Wealthy individuals, special interests and industrial lobbies will be doing everything they can this political season to influence our choices.

Too bad that much of the time, we won’t know who they are.

So-called “dark money,” or anonymous donations behind the TV ads and mailers that bombard us in the weeks before Election Day, has grown dramatically in the eight years since the Supreme Court’s Citizens United case. When donations are filtered through innocent-sounding groups, we end up knowing little about what the source is hoping to get for their money in this transaction.

While most of the discussion about the dangers of dark money has focused on the federal level, the real impact may be in state races, where relatively small amounts of money, spent at the last minute, can make a big difference in a race where voters know much less about the candidates than they know about the people running for president.

It’s also a way to carry the day in a referendum, where a business with a direct financial interest in the outcome can hide behind an innocuous-sounding organization with a name like “Neighbors for Neighborhoods” and conceal their motive for getting involved.

A recent study by the Brennan Center for Justice looked at outside groups’ involvement in elections in six states, including Maine, and found that there a dramatic increase in dark money spending that increases every election cycle.

In Maine, it jumped from just $16,000 in 2006, the last election before the Citizens United decision, to $1.6 million in 2014. Nationally, the center says that three times as much has been spent by outside groups so far for the 2016 election than at a comparable period in 2012.

Does it matter? Of course it does.

Every day, we evaluate the information that we hear based on its source. We are impressed when someone speaks against their self-interest. We don’t treat an opinion about a used car offered by a salesman on the lot in the same way as one that came from our neutral next-door neighbor – even if it’s the same opinion. The context of the information is so important that courts give special weight to a witness’ immediate response to a shocking event, or the last words of someone who is dying.

Who tells us something can be as important as what they say. Except when it comes to politics, where we are forced to listen to the message without knowing the messenger.

It’s the shady system given to us by the Supreme Court.

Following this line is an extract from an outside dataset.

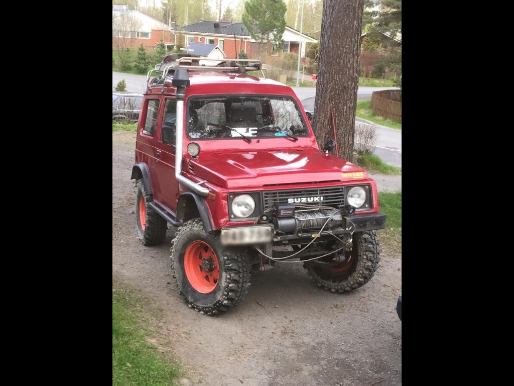 Suzuki 413.. 1,3l ruiskukoneella, 3" nostava alusta(puoli vuotta vanha) taka akselilla arb lukko, välitetty jakis, vinssi keulassa, panssarit perissä,tankilla ja jakolaatikolla..insa turbon special träkit alla 235/75r15..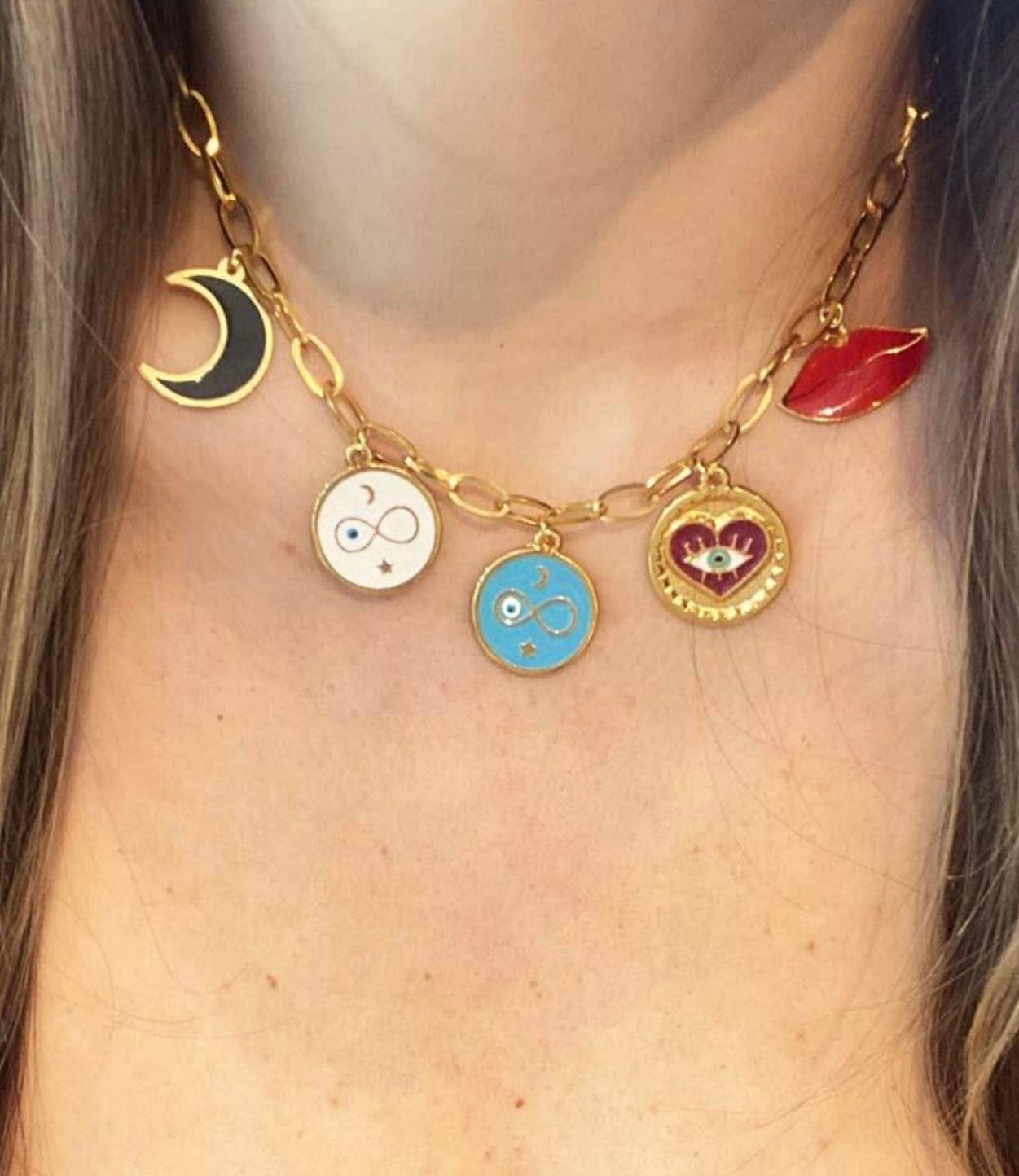 Añade un toque de brillo y color a tus atuendos con este collar Gold Plated con dijes de resina. Cada dije está cuidadosamente elaborado y bañado en oro, brindando elegancia y un estilo único a tu look. ¡Haz una declaración de moda con este hermoso collar!

In Citizens United, the court said that super PACs can spend without limit on “electioneering communications” as long as they do not coordinate with campaigns. Donors to super PACs are disclosed under federal law, but often the donations come from politically active nonprofits, called “social welfare organizations,” which can give to the super PACs without limit and do not have to say where their money comes from.

A new Maine law, approved by the voters last fall, will require outside groups to list the identity of their top three donors on their advertisements. But the statute cannot pull the veil back far enough if the donations come from groups with such opaque finances.

This will be a serious problem in Maine, where voters will elect an entire Legislature and decide five different referendum questions on the ballot. No political ideology has a monopoly on virtue when it comes to campaign spending. There will be special interest money from both the right and the left.

This is where the Supreme Court’s “free speech” ruling has left us. It will be up to voters and the news media to work through the layers of obfuscation and consider the source of the information that we will be hearing as Election Day approaches.